第17話 魔法研究所の眠り姫事件PART2(上)

 落ちた先は、地下牢らしかった。特に怪我もなく、ふんわり着地。わざわざ訊かなかったけど、どうやら四楼儀さんの魔法のおかげのようだ。
「してやられたようだね」
 壁にもたれて座り込んだまま、四楼儀さんが溜め息を吐く。
「ったく、ビストリカのご友人じゃなかったのけ?」
 ジョーディさんも肩をすくめながら、金色の目を、金属の格子の外に向けていた。牢の外には、武装した男が三人、目を光らせている。そのうちの一人が、口を開いた。
「大人しくしていることだ。お前たちが余計なことをすれば、連れが傷つく可能性もある」
「ビストリカが人質ってわけかい……」
 これは弱ったな、とわたしは思う。ジョーディさんも抵抗する気はなさそうな様子で、アックスを抱えてうずくまった。
「今は、機を待つしかあるまい」
 小声で言って、四楼儀さんは目を閉じる。
 そう言ったところで、わたしは……ビストリカが心配だ。でも、さすがにじっと見張られていると……せいぜい、鞄の中身をいじるくらい。わたしは武器など持っていないと見られているのか、べつに咎められることもない。
 そりゃ、ジョーディさんのアックスも取り上げられないくらいだもの。本当なら、アックスや四楼儀さんの魔法で脱出は可能なはずなのだ。でも、人質がいるからじっとしているしかないだろう、と相手方にも思われているのか。

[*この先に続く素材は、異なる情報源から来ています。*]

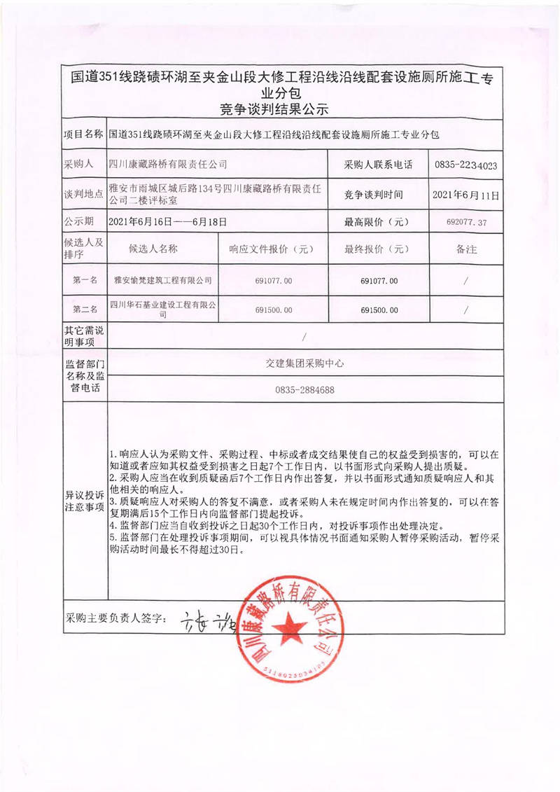 四川康藏路橋有限責任公司國道351線蹺磧環(huán)湖至夾金山段大修工程沿線沿線配套設(shè)施廁所施工專業(yè)分包競爭談判結(jié)果公示
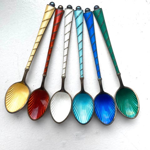 Norsk sølv og emalje Mesterstemplet Arne Nordlie 925s mokkaskjeer

〈でも、魔法であいつらを眠らせることとかできないんですか?〉
 というのは、相手の袖を引っ張り、筆談ならぬ携帯電話のモニターに書き込んで質問してみた文章。
 四楼儀さんは何も言わず、人さし指の先に小さな光弾を作り出し、格子の端のほうに飛ばした。
 それは音もなく、火花となって散る。
 ――ええ? どういうこと?
 一瞬わけがわからなくなるが、ふと、授業で習ったことを思い出す。高価な盾とかに使われる、耐魔金属があるとか。直接対象魔法をある程度防ぐ金属で……それにしても、盾でも高価なのにそれで牢を造るなんて、どれだけお金持ちなのか。
 しかし、直接対象魔法でなければどうだ。例えば、幻術とか。
 わたしが使える幻術なんて、たかが知れてるけど……などと考えをめぐらせていると。
「ったく、しゃーねーな。オレは寝るっ」
 ジョーディさんが壁際で横になり、間もなく、いびきをかき始める。
 寝ちゃったのか……?
「体力の温存が、今できる唯一のことであろうよ」
 と、こっちもふたたび目を閉じる、四楼儀さん。
 もう、夜もだいぶ深まっている。眠くなってきてもおかしくない頃合だ。わたしもあくびをして鞄を抱え、目を閉じる。
 しばらくして、ゴソゴソと何か音が聞こえた。
 薄目を開けてみると、見張りの私兵たちのうち、二人が部屋を出て行く。こちらの様子を見て、もうそれほど人数は要らないと判断したのだろう。こちらにとっては好都合。
 ――しかし、相手の人数が減ったとして、どうする?
 目を閉じて寝たふりを続けながら、ひたすら考える。
 どさっ。
 突然の落下音。慌てて目を開けると、格子の向こう側、倒れ込んだ男を見下ろす黒目黒髪の姿があった。
「精神体には、壁も格子も関係ないさね」
 言って、気絶した男の腰帯から鍵を奪い取る。仮の身体は自由に消したり再構成したりできるらしい。
「けどよ、脱出したあとも厄介だぜ」
 こっちも寝たふりだったらしいジョーディさんが、格子の出入口が外から開けられるのを眺めながら息を吐く。
 そう、いかに相手に脱出を気がつかれないようにしてビストリカと合流するか。それが問題だ。
「ビストリカに命の危険はなかろうよ。こうしてわざわざ我々と引き離したということは、彼女に用事があるということだろう」
「用事を済ましたら、用済みでポイってことはないですか?」
「その可能性もあるが、かなり執着しているようだから、そう簡単に手放すかね。連中、我々がここに来るのを知っていた。何が起きたか知っていたということだろう? 研究所から伝令が来るような余裕はなかったし、あればわんが気がつく」
 四楼儀さんの言うことはつまり……羽虫事件を起こした人物の目的が、ビストリカ?
「それじゃあ、急いだほうがいいだろ。ビストリカをオレたちから引き離そうと、どこかに連れ去るかもしれねえ」
 ジョーディさんが言うなり、ドアを開ける。廊下の突き当たりに、上への階段が見えた。
 多少手荒に強行突破してでも、早く合流したほうがいい――というのが、彼の判断らしい。どうにせよ、道はひとつだ。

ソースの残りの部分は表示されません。